▶ **Problem**: Repeat the data below exactly, dropping any pictures it holds.

▶ **Records for processing**:

#####

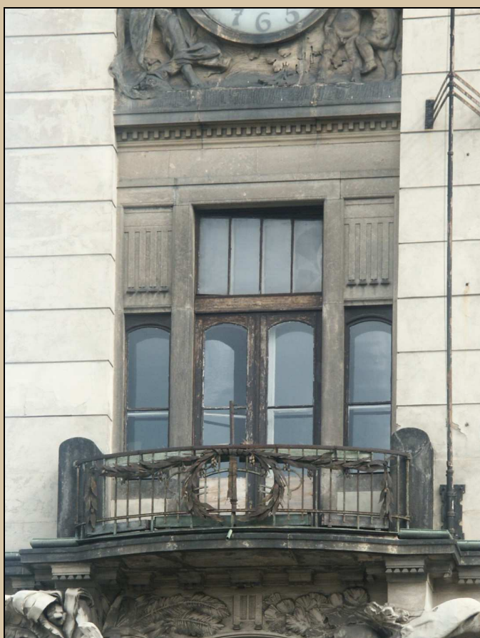
střední část zábradlí
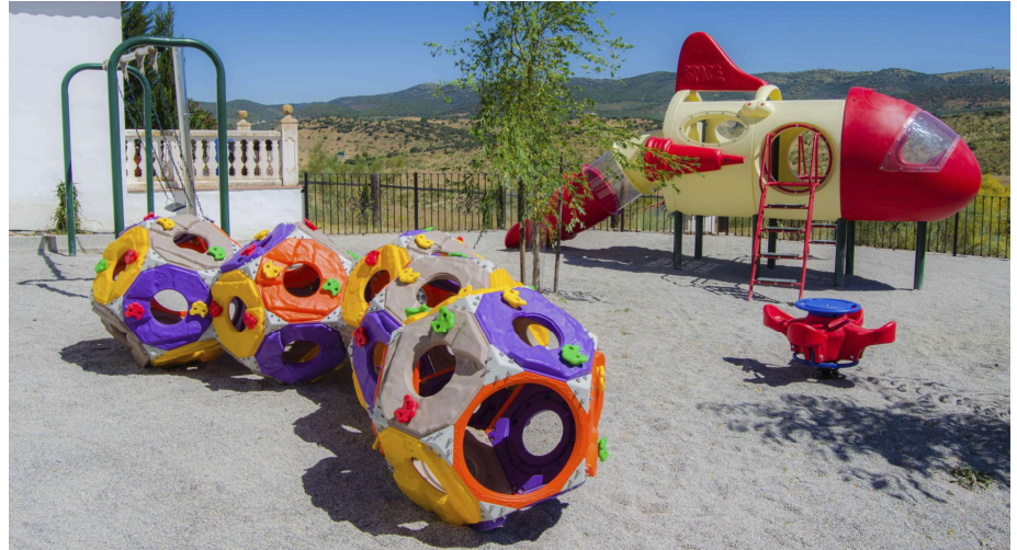
Los tomillares, un establecimiento equipado con parque infantil GI
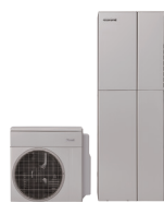
ハイブリッド 給湯器
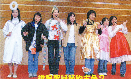
誰是聖誕節的主角？
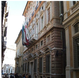
Palazzo Pallavicino (UNESCO)

#####

▶ **Task result**:
střední část zábradlí
Los tomillares, un establecimiento equipado con parque infantil GI
ハイブリッド 給湯器
誰是聖誕節的主角？
Palazzo Pallavicino (UNESCO)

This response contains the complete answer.